ACTIVITY — Leave the pictures aside and copy all the data exactly.

INFORMATION SHOWN —
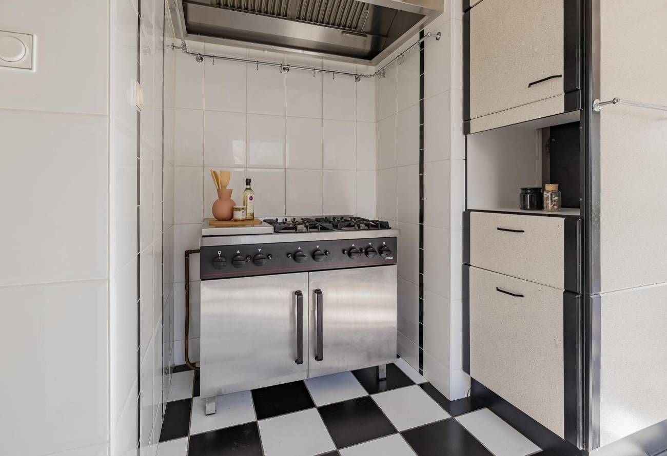 De lichte professionele keuken in hoekopstelling is voorzien inbouwapparatuur met raam naar de tuin.
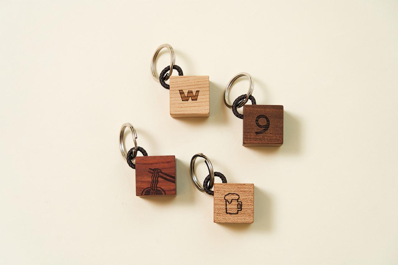 コロコロとかわいい木のキーホルダーは、徳島県で木のものづくりを行う「テーブル工房kiki」によるもので、使われる木の種類もさまざま。イニシャルやイラストが描かれていて、お土産にもぴったりだ。
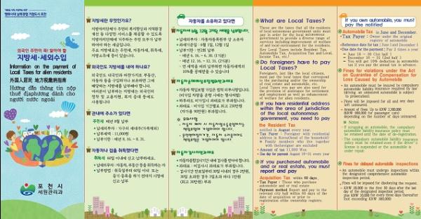 다문화가족 및 외국인이 지방세에 대해 잘 알지 못해 지방세가 체납되고 있으며 과세 규모가 늘어나는 만큼 체납액 규모 또한 꾸준하게 증가하고 있다. 또한 외국인체납은 출국 후 재입국하지 않는 한 징수가 불가능하므로 징수율이 저조하다. 이에 따라 포천시는 체납 발생을 예방하고 외국인 납세자에게 편의를 제공하기 위해 외국어 지방세 및 세외수입 안내 리플릿을 제작했다.
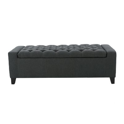 Lyngins 47" Rectangle Ottomans,Tufted Ottoman Benches with Geometric Base,Versatile Upholstered Footstools for Bedroom,Living Room,Entryway,Grey

EXPECTED ANSWER —
 De lichte professionele keuken in hoekopstelling is voorzien inbouwapparatuur met raam naar de tuin.
 コロコロとかわいい木のキーホルダーは、徳島県で木のものづくりを行う「テーブル工房kiki」によるもので、使われる木の種類もさまざま。イニシャルやイラストが描かれていて、お土産にもぴったりだ。
 다문화가족 및 외국인이 지방세에 대해 잘 알지 못해 지방세가 체납되고 있으며 과세 규모가 늘어나는 만큼 체납액 규모 또한 꾸준하게 증가하고 있다. 또한 외국인체납은 출국 후 재입국하지 않는 한 징수가 불가능하므로 징수율이 저조하다. 이에 따라 포천시는 체납 발생을 예방하고 외국인 납세자에게 편의를 제공하기 위해 외국어 지방세 및 세외수입 안내 리플릿을 제작했다.
 Lyngins 47" Rectangle Ottomans,Tufted Ottoman Benches with Geometric Base,Versatile Upholstered Footstools for Bedroom,Living Room,Entryway,Grey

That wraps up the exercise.